Saturday, September 14, 2013

Insects Bug Me.

They loved dust.
In my mind’s eye, they would creep out every night to roll in it delightedly, legs skittering on the floor with glee.
A man could never understand the problem of a cockroach—a live cockroach—in a bedroom. A man doesn’t understand the hidden violence in a moving thing.
I’d read in a magazine that roaches love dust, so I swept every day, up and down the brand-new apartment. I hadn’t seen one yet. A Tucson miracle!
When I met him, he was wearing terrible jean cutoff shorts, white strings hanging all a kilter. It was easy to be light and loose on our date. The first kiss was nothing to write home about. We had different styles. I liked to kiss at 45 degrees. He liked to kiss straight up and down.
The second date, though, he anticipated—met me at 70 degrees. Perfect. We were on a dirty thoroughfare, sticky from Vietnamese food, his hands in my hair, mine grabbing at his t-shirt outlining just how many muscles were in that back, and how soon could I get my hands on all of them?
The sex followed quickly, and it was good. Damn good. By date seven—a blissed-out day hike—I thought we were on terra firma. Home in the city, he ran to his apartment to get clean clothes, promising to come by afterwards.
I was alone, dripping from my shower, humming to myself, ready to get laid. And there it was. Moving like an insane thing. Gleaming. Crazed.
I leapt to my bed, shouted, “Get the fuck out of my house!”

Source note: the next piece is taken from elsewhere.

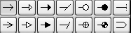 Если выбрана маркированная линия, то становятся доступными расположенные справа от этих кнопок поле для ввода размера маркера и кнопка выбора пера для его отрисовки. Это дает возможность отрисовки маркера, например, цветом, отличным от цвета линии. Вид маркера выбирается из группы переключателей (рис. 3.5), которая открывается нажатием кнопки Select Arrowhead (Выбор маркера)

By the time he got to my apartment ten minutes later, the PTSD had bloomed magnificently: Saucers for eyes. Ragged breath. I handed him ammo: Windex; a bookbag, a boot, an umbrella. Told him to kill it. That we were sleeping at his place that night. I saw the alarm in his eyes.
He couldn’t understand. The creature on the body that shouldn’t be, with all its moving parts.
He never called again. I bought traps.